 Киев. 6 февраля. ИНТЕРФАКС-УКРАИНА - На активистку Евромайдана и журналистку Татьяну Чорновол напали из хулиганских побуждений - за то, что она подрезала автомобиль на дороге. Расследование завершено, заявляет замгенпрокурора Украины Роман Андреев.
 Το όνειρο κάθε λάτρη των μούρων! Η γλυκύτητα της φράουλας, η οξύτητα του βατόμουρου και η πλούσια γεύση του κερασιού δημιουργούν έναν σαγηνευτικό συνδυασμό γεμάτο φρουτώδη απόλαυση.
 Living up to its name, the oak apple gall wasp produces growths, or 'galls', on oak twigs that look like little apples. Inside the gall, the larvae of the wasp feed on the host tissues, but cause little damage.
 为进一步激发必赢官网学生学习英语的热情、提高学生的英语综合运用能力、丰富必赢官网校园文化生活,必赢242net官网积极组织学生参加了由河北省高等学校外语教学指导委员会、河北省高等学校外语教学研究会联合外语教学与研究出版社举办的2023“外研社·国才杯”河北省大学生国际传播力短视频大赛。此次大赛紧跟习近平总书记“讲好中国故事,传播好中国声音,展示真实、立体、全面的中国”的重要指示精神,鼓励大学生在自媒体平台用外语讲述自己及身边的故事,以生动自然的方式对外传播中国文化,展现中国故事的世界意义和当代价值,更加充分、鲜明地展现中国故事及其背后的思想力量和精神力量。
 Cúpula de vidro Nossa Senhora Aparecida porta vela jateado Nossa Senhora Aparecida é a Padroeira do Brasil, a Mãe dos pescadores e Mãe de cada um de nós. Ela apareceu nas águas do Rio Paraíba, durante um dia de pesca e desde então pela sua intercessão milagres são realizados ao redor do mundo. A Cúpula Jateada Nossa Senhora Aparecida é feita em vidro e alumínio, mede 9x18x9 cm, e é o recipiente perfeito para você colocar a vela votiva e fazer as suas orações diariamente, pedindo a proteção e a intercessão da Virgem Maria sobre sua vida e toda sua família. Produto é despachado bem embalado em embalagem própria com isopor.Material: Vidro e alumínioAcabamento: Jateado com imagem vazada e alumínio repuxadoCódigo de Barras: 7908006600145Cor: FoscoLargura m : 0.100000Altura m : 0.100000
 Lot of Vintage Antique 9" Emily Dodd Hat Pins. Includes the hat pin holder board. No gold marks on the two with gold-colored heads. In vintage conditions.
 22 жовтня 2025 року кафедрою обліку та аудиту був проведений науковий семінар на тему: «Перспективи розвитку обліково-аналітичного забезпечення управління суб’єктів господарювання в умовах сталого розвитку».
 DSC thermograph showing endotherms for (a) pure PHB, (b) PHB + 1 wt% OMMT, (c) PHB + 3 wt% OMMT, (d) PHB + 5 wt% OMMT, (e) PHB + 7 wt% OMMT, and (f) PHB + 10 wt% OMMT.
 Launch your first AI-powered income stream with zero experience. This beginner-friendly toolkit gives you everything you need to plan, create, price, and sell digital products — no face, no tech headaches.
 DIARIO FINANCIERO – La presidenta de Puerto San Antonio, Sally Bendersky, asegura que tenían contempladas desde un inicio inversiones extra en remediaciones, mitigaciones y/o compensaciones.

= = = = =

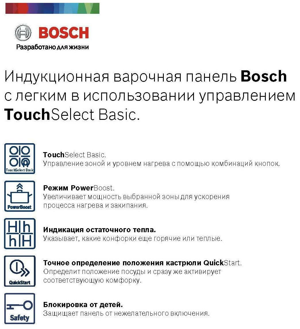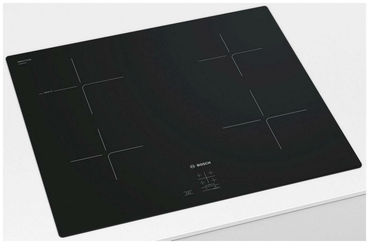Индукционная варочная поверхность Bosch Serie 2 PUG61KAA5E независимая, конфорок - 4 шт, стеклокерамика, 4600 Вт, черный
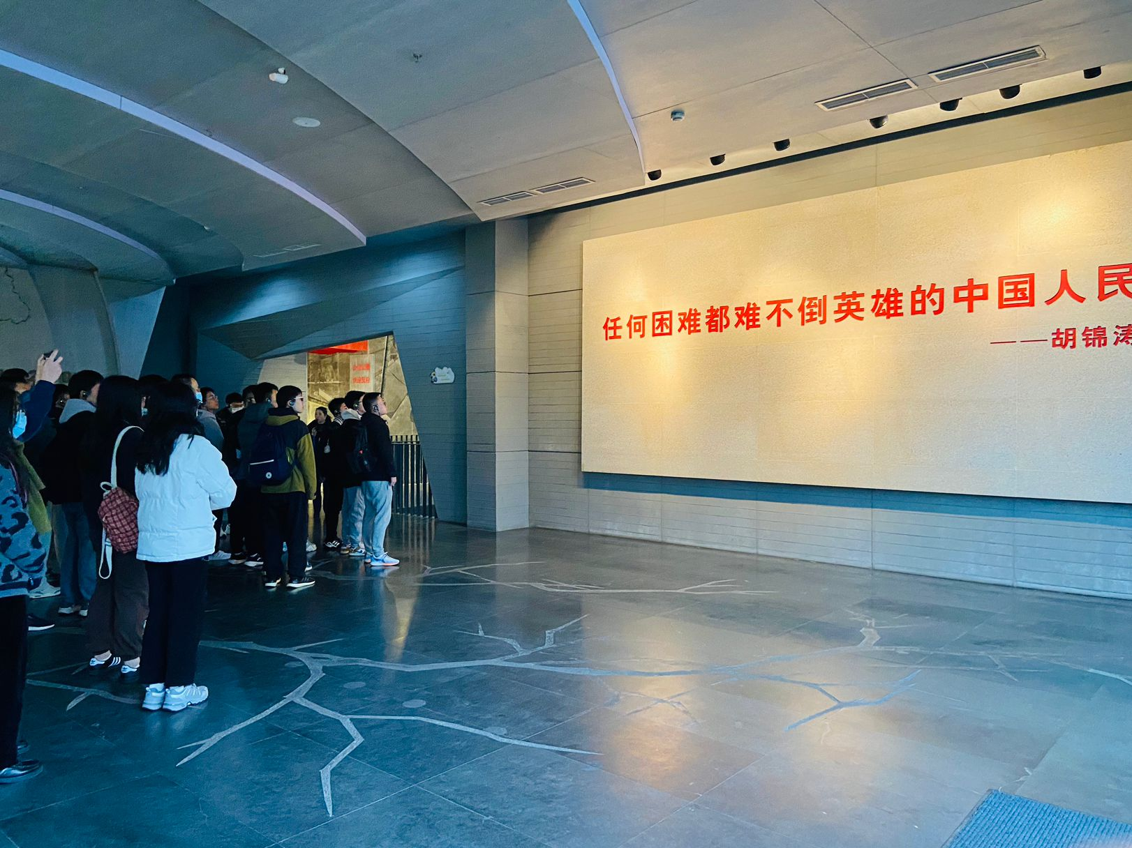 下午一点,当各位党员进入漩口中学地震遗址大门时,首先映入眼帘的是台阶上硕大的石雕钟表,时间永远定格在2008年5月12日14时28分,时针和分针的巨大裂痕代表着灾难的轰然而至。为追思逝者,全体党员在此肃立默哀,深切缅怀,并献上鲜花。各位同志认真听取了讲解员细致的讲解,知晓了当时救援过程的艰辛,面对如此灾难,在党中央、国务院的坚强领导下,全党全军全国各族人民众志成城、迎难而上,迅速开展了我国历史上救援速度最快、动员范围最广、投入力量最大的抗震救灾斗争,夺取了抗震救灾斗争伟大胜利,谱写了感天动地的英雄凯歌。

= = = = =

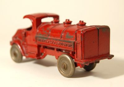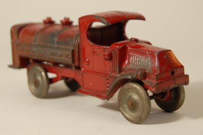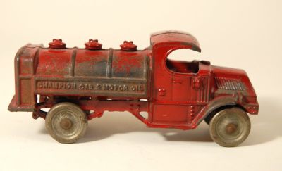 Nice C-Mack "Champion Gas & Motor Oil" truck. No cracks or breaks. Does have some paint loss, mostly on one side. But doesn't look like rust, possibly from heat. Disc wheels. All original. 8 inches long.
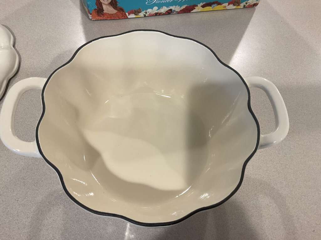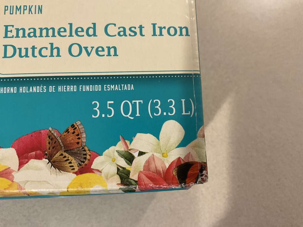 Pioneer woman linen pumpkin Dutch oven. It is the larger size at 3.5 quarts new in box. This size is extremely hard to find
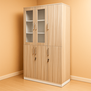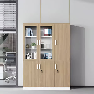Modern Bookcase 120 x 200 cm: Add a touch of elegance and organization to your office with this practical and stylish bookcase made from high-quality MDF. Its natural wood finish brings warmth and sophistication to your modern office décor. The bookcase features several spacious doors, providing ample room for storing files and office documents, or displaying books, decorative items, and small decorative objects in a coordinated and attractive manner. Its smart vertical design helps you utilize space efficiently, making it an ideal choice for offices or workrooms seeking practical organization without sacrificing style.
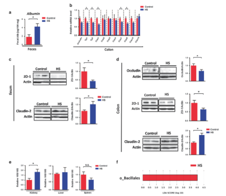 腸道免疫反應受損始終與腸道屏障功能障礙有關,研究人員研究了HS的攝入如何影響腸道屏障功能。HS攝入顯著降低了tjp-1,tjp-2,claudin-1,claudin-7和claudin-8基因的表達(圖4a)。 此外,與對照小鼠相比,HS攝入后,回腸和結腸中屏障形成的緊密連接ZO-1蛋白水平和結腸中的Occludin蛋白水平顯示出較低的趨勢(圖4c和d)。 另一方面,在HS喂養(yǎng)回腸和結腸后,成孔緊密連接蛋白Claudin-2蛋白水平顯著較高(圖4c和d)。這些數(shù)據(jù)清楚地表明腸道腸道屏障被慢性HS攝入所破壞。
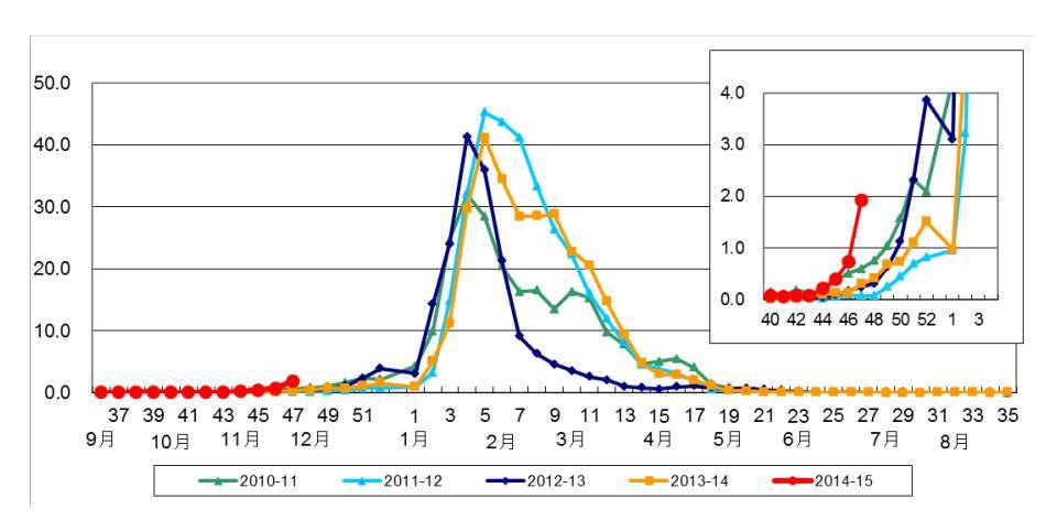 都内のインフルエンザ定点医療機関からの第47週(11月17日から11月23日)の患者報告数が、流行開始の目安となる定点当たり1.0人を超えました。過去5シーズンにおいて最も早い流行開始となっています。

= = = = =

Requirement.
All lines above between those holding "Киев. 6 февраля." and "为进一步激发必赢官网学生学习", inclusive, must be set down unchanged, and no other line may be included.

Written response.
 Киев. 6 февраля. ИНТЕРФАКС-УКРАИНА - На активистку Евромайдана и журналистку Татьяну Чорновол напали из хулиганских побуждений - за то, что она подрезала автомобиль на дороге. Расследование завершено, заявляет замгенпрокурора Украины Роман Андреев.
 Το όνειρο κάθε λάτρη των μούρων! Η γλυκύτητα της φράουλας, η οξύτητα του βατόμουρου και η πλούσια γεύση του κερασιού δημιουργούν έναν σαγηνευτικό συνδυασμό γεμάτο φρουτώδη απόλαυση.
 Living up to its name, the oak apple gall wasp produces growths, or 'galls', on oak twigs that look like little apples. Inside the gall, the larvae of the wasp feed on the host tissues, but cause little damage.
 为进一步激发必赢官网学生学习英语的热情、提高学生的英语综合运用能力、丰富必赢官网校园文化生活,必赢242net官网积极组织学生参加了由河北省高等学校外语教学指导委员会、河北省高等学校外语教学研究会联合外语教学与研究出版社举办的2023“外研社·国才杯”河北省大学生国际传播力短视频大赛。此次大赛紧跟习近平总书记“讲好中国故事,传播好中国声音,展示真实、立体、全面的中国”的重要指示精神,鼓励大学生在自媒体平台用外语讲述自己及身边的故事,以生动自然的方式对外传播中国文化,展现中国故事的世界意义和当代价值,更加充分、鲜明地展现中国故事及其背后的思想力量和精神力量。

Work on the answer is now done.